Мы стали друзьями еще до того, как меня искалечило. Я прокладывал высоковольтную линию и запутал ему сети. Большинство парней на моем месте взяли бы нож и с легкостью выпутались бы, погубив сети ценой в пятьдесят пять, а то и в шестьдесят долларов. Но ведь это месячный заработок рыбака! Так что я не стал попусту махать ножом, а всплыл на поверхность и долго сидел в лодке Джуао, пока он меня распутывал. Потом мы вытащили сеть на берег и залатали. С тех пор я помогаю Джуао ловить рыбу, указываю нужные места. А он расплачивается выпивкой.

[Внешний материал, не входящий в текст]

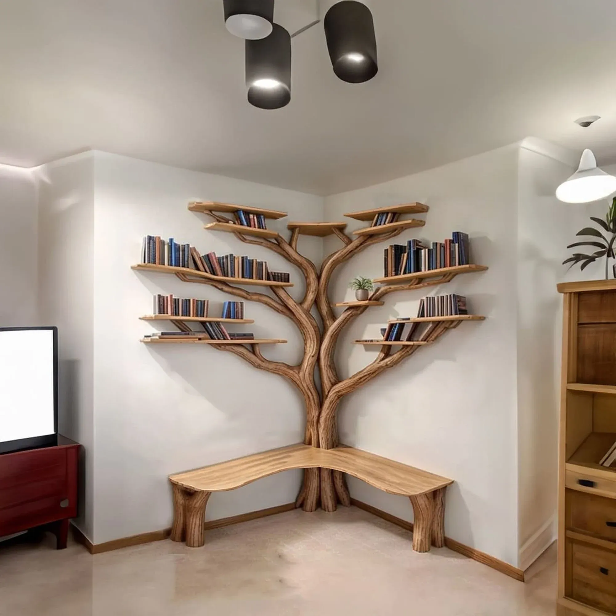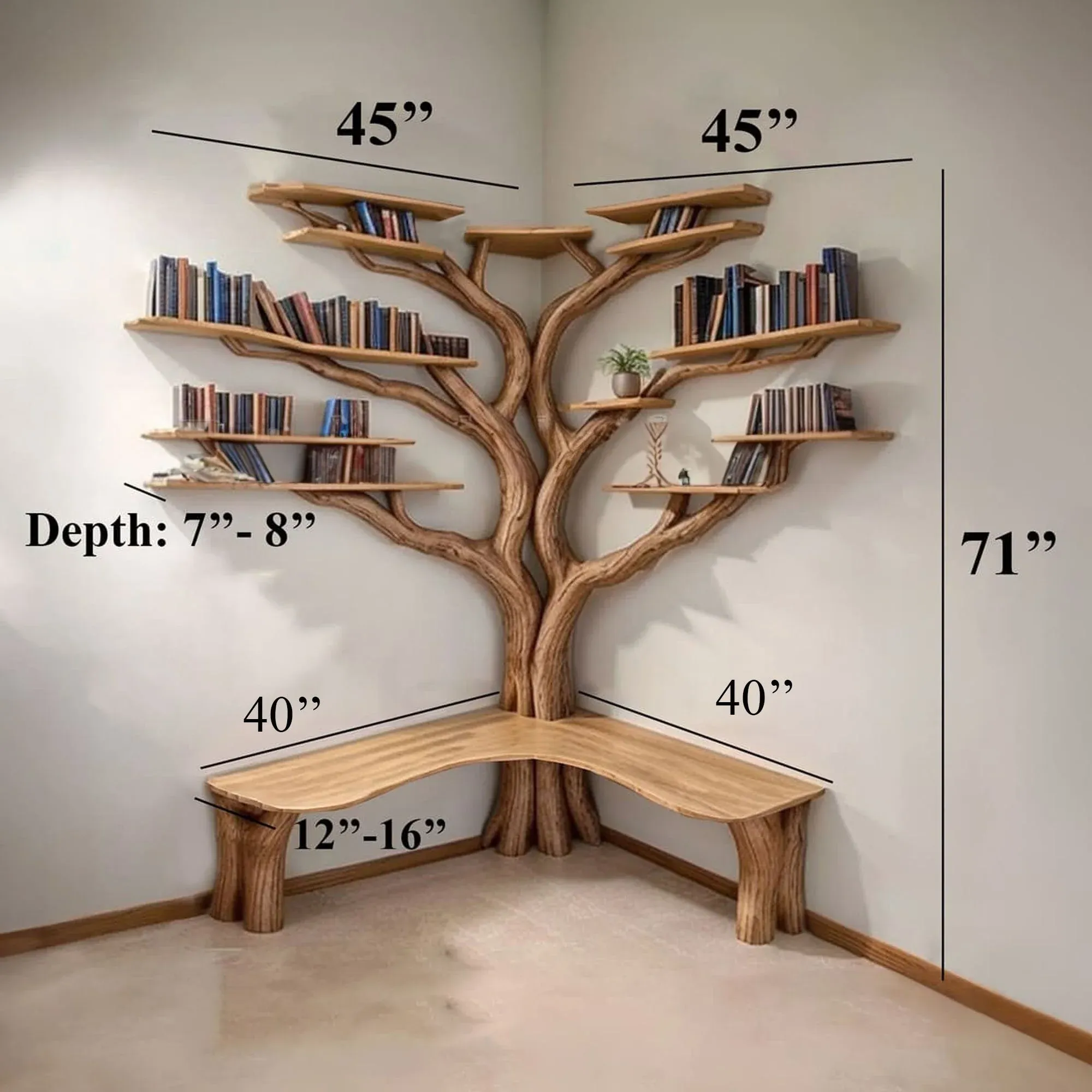 Tree Floating Corner Bookshelf With Corner Bench lshaped SINLTBS010

Вот мы и дружим уже лет двадцать. За это время меня постигло большое несчастье, и я оказался «списанным на берег», а Джуао выдал замуж пять своих сестер, женился сам и завел двух детей. (Ах, эти bolitos и teneror asados, которые Амалия, жена Джуао, дама с масленистой косой и вечно болтающимися грудями, делала по воскресеньям на обед и ужин! Иногда их хватало и на завтрак в понедельник.) Вместе с Джуао и его женой я летал на вертолете в город, и там, в больнице, мы с Джуао были вместе. Босиком. Тогда он стоял и вычесывал рыбную чешую из своих волос. Мы оба ее вычесывали. Потом я держал его, а он плакал. Я пытался объяснить ему, почему врачи, которые могли за неделю превратить ребенка в амфибию — существо, месяцами живущее под пенной гладью моря, — оказались бессильны перед раком щитовидной железы с обильными метастазами... Джуао и я вернулись в деревню вдвоем за три дня до нашего дня рождения...

Все это случилось, когда мне исполнилось двадцать три, точно так же как Джуао. Только он был старше меня на семь часов...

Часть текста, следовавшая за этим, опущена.